Claudia Digiuro

I FIGLI SONO SEMPRE ‘FIGLI UNICI’

Il mestiere del genitore, diceva Freud, è un mestiere impossibile!

Il genitore riesce a svolgere sufficientemente bene il suo ruolo educativo solo quando può ammettere questa impossibilità.

Potremmo dire che un genitore sufficientemente buono è colui che, consapevole della fallibilità del suo ruolo e nonostante questo, riesce a trasformare il limite in una occasione per sviluppare un proprio intuito educativo.

In altre parole è auspicabile essere genitori ‘passabili’ cioè capaci di rimanere eterni apprendisti senza la pretesa di essere perfetti, magari evitando di attenersi alle prescrizioni di un manuale e relazionandosi a un figlio come si fa con un elettrodomestico.

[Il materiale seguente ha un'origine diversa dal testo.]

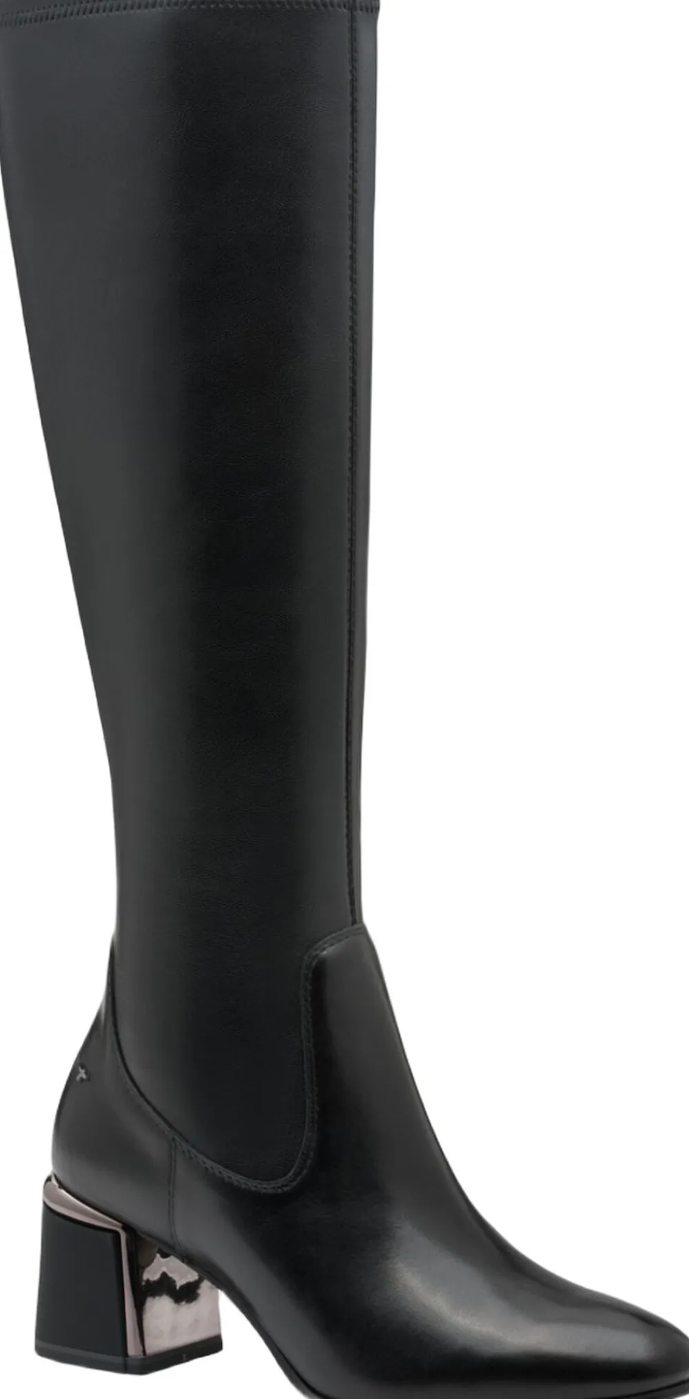 Langskaftet strechstøvle med sølvdetalje på hælen. Indvendig lynlås og antislide og antichok effekt i hælen. Skafthøjden er 40 cm og hælhøjden er 60 mm
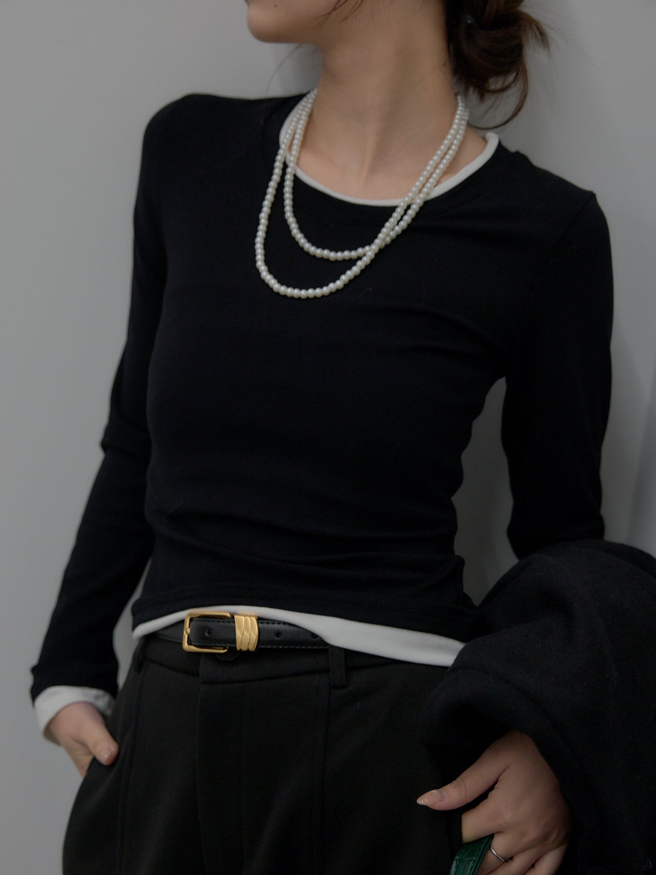バイカラーの配色が目を惹くレイヤード風カットソー。 重ね着しているように見えるデザインで、1枚でこなれたスタイルが完成します。 程よいゆるさと軽い着心地で、デイリーに取り入れやすい万能トップスです。

Gli elettrodomestici si sa, obbediscono tutti agli stessi processi, mentre un figlio richiede a gran voce di essere guardato in modo unico, pena l’esclusione dalla scena relazionale.

Bettelheim (1987) invita a pensare alla relazione genitore-figlio come una partita a scacchi in cui ‘il giocatore che cerca di seguire i suoi piani senza tener conto delle mosse dell’avversario , va incontro inevitabilmente alla sconfitta’. Ciò significa che la partita che si gioca nell’educazione dei figli non può non tener conto dell’unicità di ognuno di loro, così come dello specifico rapporto che con loro si verrà a creare.

Ecco perché i manuali che prescrivono come essere un bravo genitore in realtà non contengono mai informazioni del tutto utili. Come evitare le cattive compagnie, come scegliere il percorso di studi, come comportarsi con i capricci, quali giochi scegliere, come insegnare ad obbedire, cosa dire, cosa non dire..

Ogni volta che un genitore si attiene solo a consigli generalizzati senza portare niente di sé nella relazione, i figli colgono l’assenza di sforzo, di investimento creativo del genitore.

Il sospetto di non esserne degni si insinua in ogni occasione di confronto portando sentimenti di sfiducia, sconforto o rabbia.

Non c’è niente di peggio per un figlio che sentirsi uno tra tanti agli occhi di mamma e papà.

Come psicologi assistiamo frequentemente all’utilizzo di modelli educativi narcisistici in cui i figli sono considerati per ciò di cui mancano piuttosto che per la loro ricchezza.

Si tende a trascurarne desideri, attitudini e orientamenti.

Si chiede loro di uniformarsi alle aspettative genitoriali supponendo che la strada che si è predisposta per il loro futuro (scuola, carriera, compagni..) sia la migliore possibile.

J. Lacan riteneva che una funzione essenziale dell’essere genitore consista nel riconoscere al figlio una singolarità che gli permetta di accedere ai propri desideri senza sentirsi costretto ad aderire a quelli preconfezionati dalle figure di riferimento.

Invece accade spesso che i figli arrivino in seduta ammutoliti, depredati della loro voce e disorientati rispetto al proprio essere nel mondo, proprio perché privati dell’entusiasmo di scoprirsi e incapaci di vedersi come esseri irripetibili.

L’ imposizione della supremazia genitoriale può declinarsi in questi termini: scongiurare la crescita dei figli e la conquista della loro autonomia evita di sancire la fine della propria giovinezza.

Per uscire da questa spirale narcisistica può essere utile che il genitore riesca ad accedere ai vissuti che lo hanno abitato da bambino e poi da adolescente, quando doveva fare i conti lui stesso con quello sguardo adulto da cui si aspettava comprensione e sostegno.

Poter recuperare l’esperienza di figlio permette di avvicinarsi con una consapevolezza nuova alla relazione e introdurre in questa uno sguardo più accogliente, accettando le difficoltà e l’ambivalenza che la crescita, naturalmente, comporta.